Task: The result should hold only the lines from the one with "청약 접수일은 이미지" through the final line of the data below, transcribed exactly, pictures left out.

Given data:
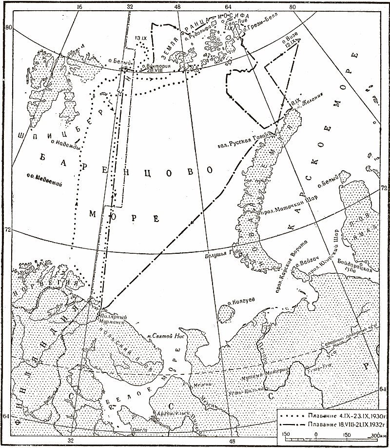 Огибание Земли Франца-Иосифа с севера все же представлялось возможным, температура Нордкапского течения в 1932 г. оставалась высокой. Кроме того, можно было предполагать, что максимум температуры, наблюдавшийся в 1930 г. на Кольском меридиане, в 1932 г. продвинется в район между Землей Франца-Иосифа и Северной Землей и уменьшит ледовитость этого района.
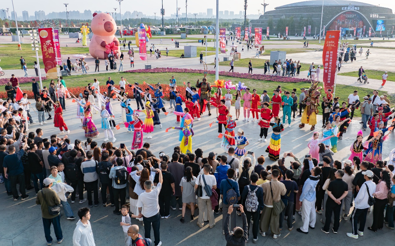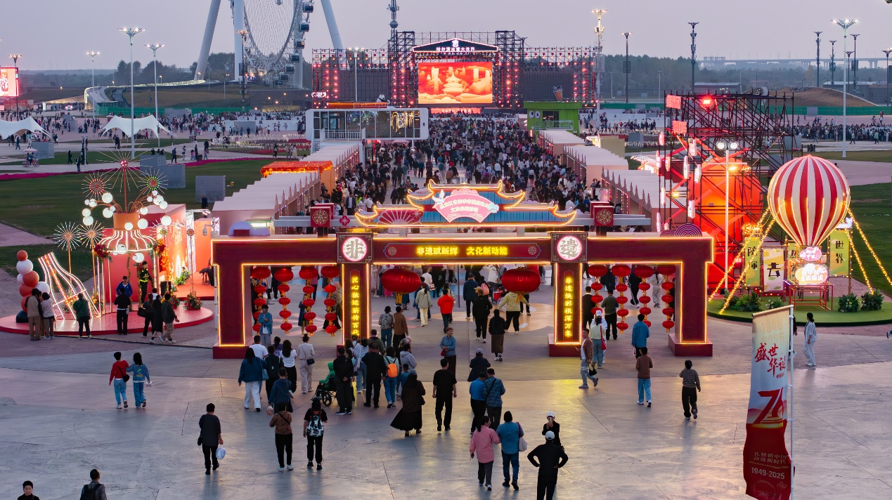 大舞臺(tái)演出依然備受矚目,黑龍江省文聯(lián)文藝志愿服務(wù)惠民專場(chǎng)演出、哈爾濱冰雪大世界雙節(jié)特別演出、哈爾濱冰雪大世界2025中秋文藝晚會(huì)、全球華語(yǔ)流行音樂(lè)金榜選拔賽黑龍江省總決賽等活動(dòng)精彩紛呈。眾多歌唱家、國(guó)家級(jí)演員、知名演藝團(tuán)隊(duì)、網(wǎng)紅達(dá)人等紛紛登臺(tái)演出。從萬(wàn)人齊聲《歌唱祖國(guó)》、共傳五星紅旗的愛(ài)國(guó)情懷,到海外游子跨越山海共唱《月亮代表我的心》的思鄉(xiāng)之情,從數(shù)萬(wàn)人在園區(qū)齊蹦迪的熱鬧歡騰,到線上網(wǎng)友的直播報(bào)道打卡和熱烈點(diǎn)贊,再到臺(tái)上臺(tái)下主持人與游客的溫情互動(dòng),這一場(chǎng)場(chǎng)的雙向奔赴,成為這個(gè)雙節(jié)假期最浪漫的注腳。
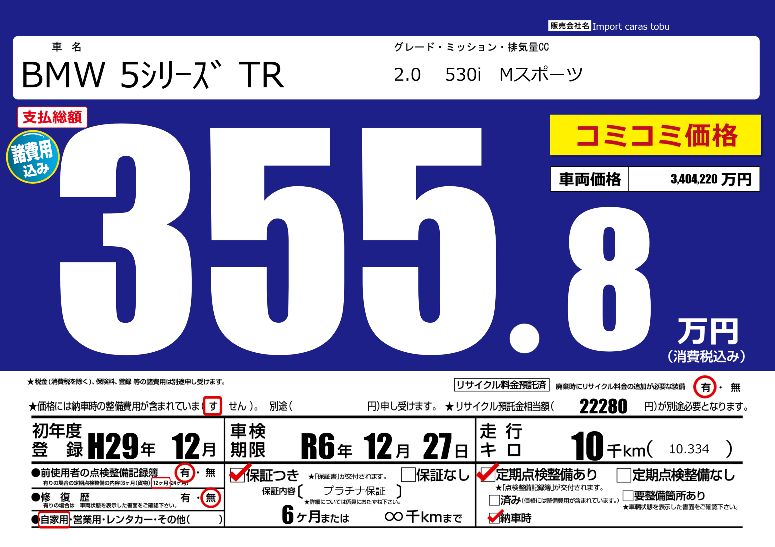 保証付き 保証内容( プラチナ保証) 6ヶ月または(∞)千kmまで |
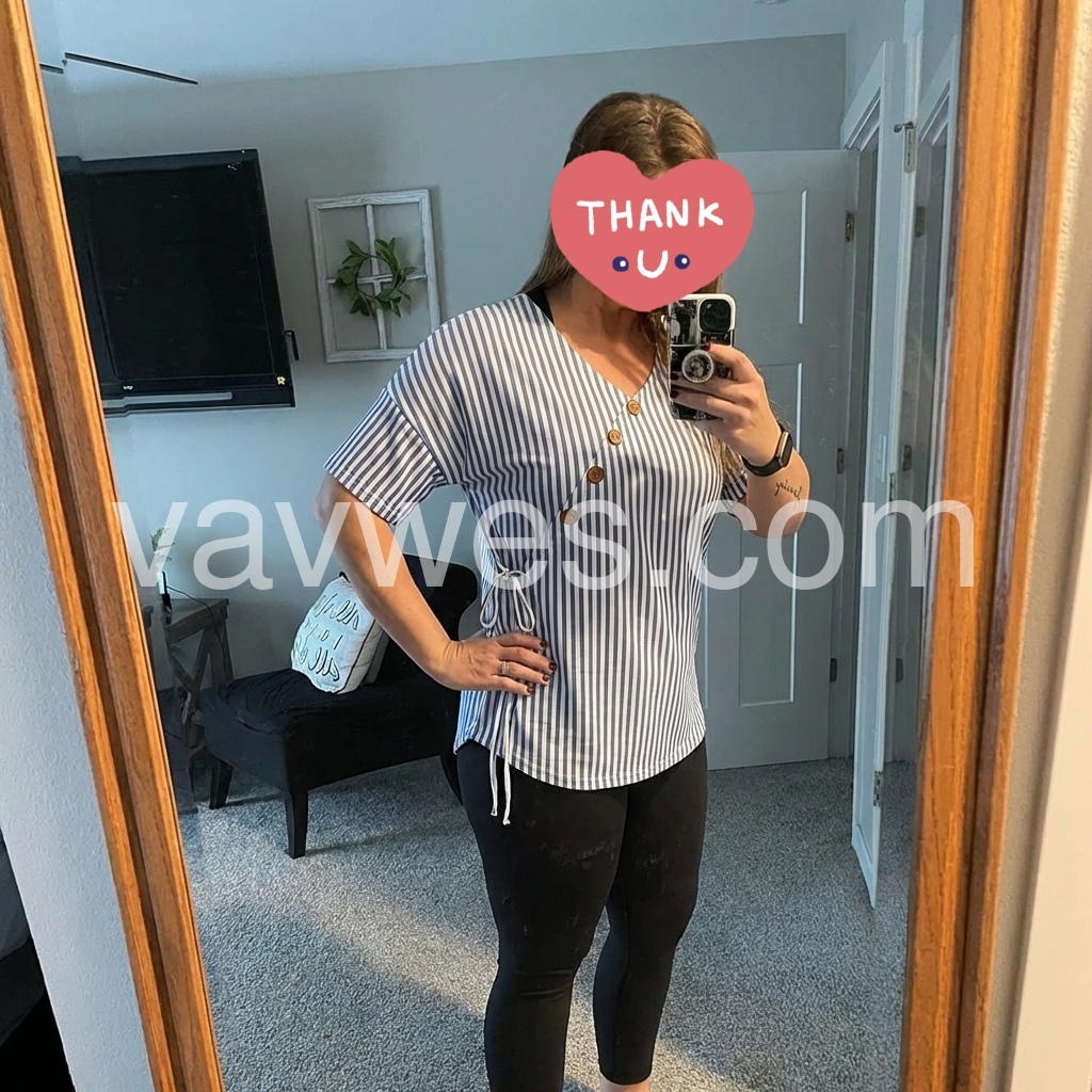 Absolutely love the unique button detail on this top! The asymmetrical design is super flattering and the blue stripes give it a fresh, nautical vibe. It fits true to size and hides my tummy perfectly. Highly recommend!
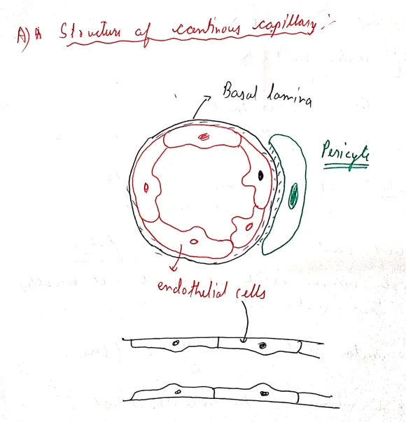Continuous capillaries are seen in the skin, connective tissue, muscle, lungs and brain.
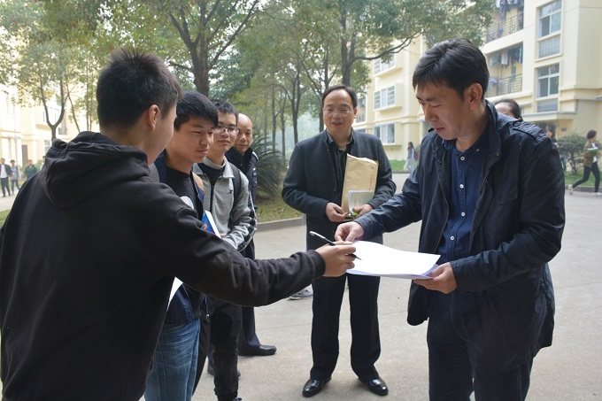 检查组先后来到图书馆、致远楼、汇泽宿舍园区、理工楼、网络与现代教育技术中心、明志楼等地,仔细察看了消防设施、供电系统、视频监控系统、门卫安保配置、学生安全教育与管理、实验室废料处理、校园周边交通安全等校园安全工作情况;同时查阅了相关工作台账资料,向学生随机发放调查问卷收集反馈意见,并现场询问门卫保安了解情况。
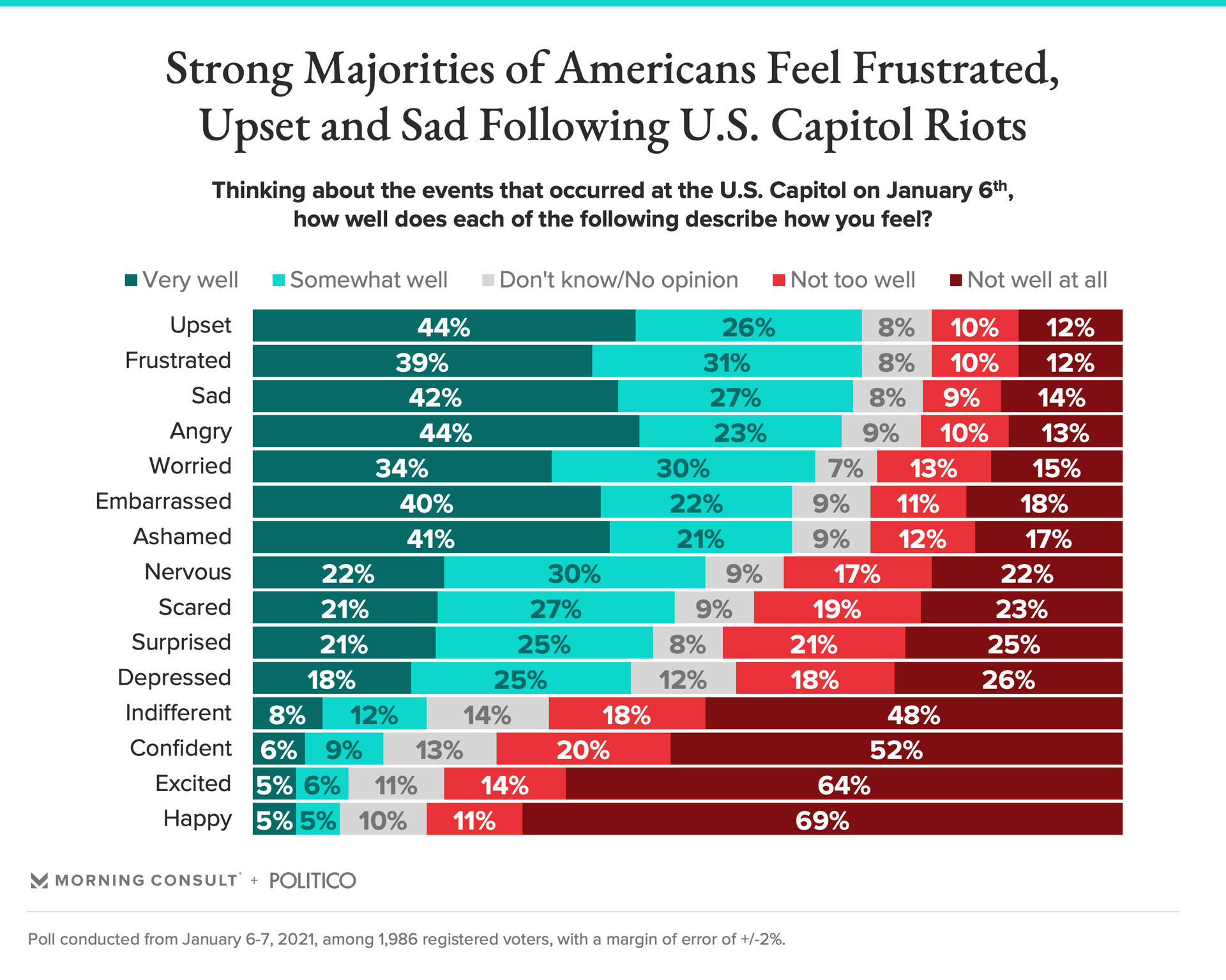 At least 69% of registered voters report feeling sad, frustrated or upset following yesterday’s riots in Washington.
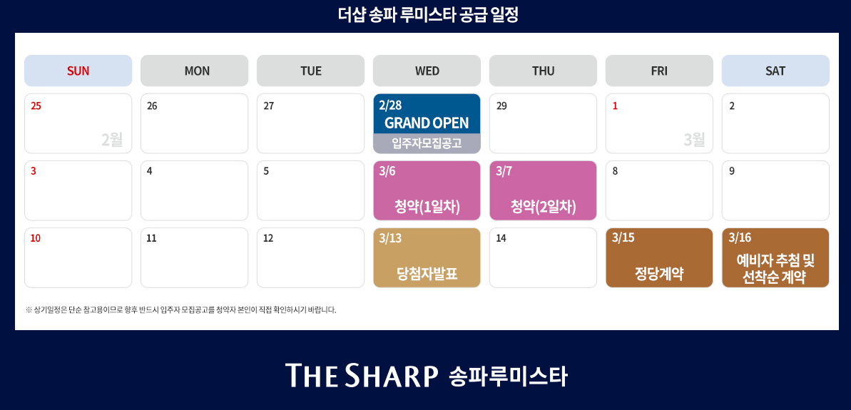 청약 접수일은 이미지 보시는 거와 같이 3월 6일(수요일)에 시작해서 3월 7일(목요일)에 마감합니다. 발표일은 3월 13일(수요일)로 곧바로 결과가 나옵니다. 계약체결 또한 바로 3월 15일에 진행합니다.
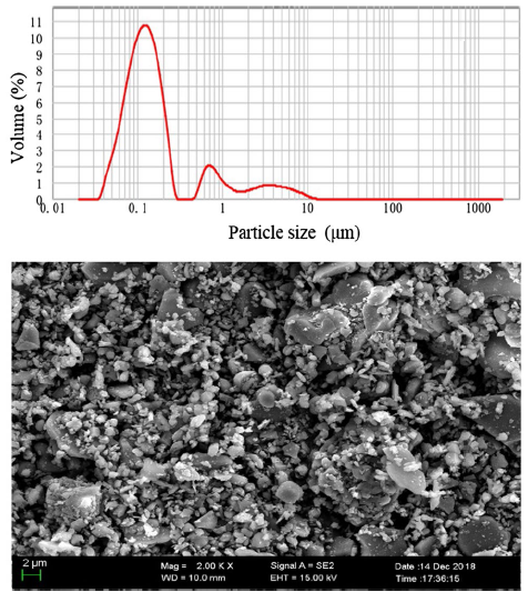 Fig. 1 Particle size distribution of Al2O3 powders and the SEM image of Al2O3 powders

Response for this exercise:
 청약 접수일은 이미지 보시는 거와 같이 3월 6일(수요일)에 시작해서 3월 7일(목요일)에 마감합니다. 발표일은 3월 13일(수요일)로 곧바로 결과가 나옵니다. 계약체결 또한 바로 3월 15일에 진행합니다.
 Fig. 1 Particle size distribution of Al2O3 powders and the SEM image of Al2O3 powders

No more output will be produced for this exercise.